図9Cはまた、ポリスチレン-co-アクリレート系有機添加剤が、ポリイミド微粒子の表面に存在することを示す。
【0218】
図10A~
図10Cは、得られたポリイミド微粒子の断面SEM画像である。ポリイミド微粒子は、エポキシ内に固定し、ミクロトーム加工し、撮像した。

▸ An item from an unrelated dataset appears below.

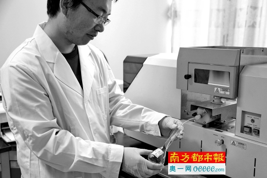 4 .程工正在使用原子吸收設備檢測水樣品。

図10Aは、エポキシがポリイミド微粒子に部分的に浸透している単一のポリイミド微粒子を示す。ポリイミド微粒子の外周は、矢印Aによって示す、暗いグレーから明るいグレーへと移行する位置である。エポキシが浸透したポリイミド微粒子の部分は、矢印Bで示す。これは、本開示のポリイミド微粒子が多孔質であることを示す。
図10B~
図10Cは、
図10Aのより高倍率のSEM画像である。これらは、多孔質の不規則な骨格形態がポリイミド微粒子全体に及ぶことをより良好に示し、矢印Cは孔を示す。更に、矢印Dによって、合成プロセス中にポリイミド微粒子内に閉じ込められた、ポリスチレン-co-アクリレート系有機添加剤凝集体を示す。更に、矢印Eは、ポリイミド微粒子の内部の多孔質の不規則骨格の表面に存在する、個々のポリスチレン-co-アクリレート系有機添加剤を示す。
【0219】
300マイクロメートルのふるいを使用して得られたポリイミド微粒子をふるい分けした後、23℃、相対湿度47%で安息角が38°(3回の測定値の平均)であることを測定した。これはSLS積層造形法で使用するのに適した流動である。実施例7と他の以前の実施例との視覚的比較では、実施例7がより小さい真円度及びより大きな粒径スパンを有するように見えることを示すことに留意されたい。したがって、以前の実施例は、より低い安息角を有し、したがって、SLS積層造形法で使用するのに更に好適であると予想される。
【0220】
したがって、本発明は、上述した目的及び利点、並びにその中の固有の利点を達成するように十分に適合されている。本発明は、当業者には明らかであり、本明細書の教示の利益を有する、異なるが等価な方法で修正かつ実施してもよいため、上記に開示された特定の実施例及び構成は単なる例示に過ぎない。更に、以下の特許請求の範囲に記載されるもの以外の、本明細書に示される構造又は設計の詳細に限定することを意図するものではない。したがって、上記に開示された特定の例示的実施例は、変更されるか、組み合わせるか、又は修正されてもよく、そのような全ての変形例は、本発明の範囲内及び趣旨内で考慮されることは明らかである。本明細書で例示的に開示される本発明は、本明細書に具体的に開示されていないいずれかの要素、及び/又は本明細書に開示されるいずれかの任意選択的な要素の非存在下で実施されてもよい。組成物及び方法は、様々な成分又は工程を「含む(comprising)」、「含む(containing)」、又は「含む(including)」という用語で記載されているが、組成物及び方法はまた、様々な成分及び工程「から本質的になる」又は「からなる」可能性がある。上に開示された全ての数及び範囲は、多少異なる場合がある。下限及び上限を有する数値範囲が開示されるときはいつでも、その範囲内にある任意の数及び任意の含まれる範囲が具体的に開示される。とりわけ、本明細書に開示される(「約a~約b(from about a to about b)」、又は等しく「約a~b(approximately a to b)」、又は等しく「約a~b(from approximately a-b)」という形態の)値の全ての範囲は、広範な値の範囲内に包含される全ての数及び範囲を記載するものと理解されるべきである。また、「特許請求の範囲」における用語は、特許権所有者によって明示的かつ明確に定義されない限り、平易な通常の意味を有する。加えて、「特許請求の範囲」で使用するとき、不定冠詞「a」又は「an」は、本明細書において、それが導入する要素のうちの1つ又は1つ超を意味するように定義される。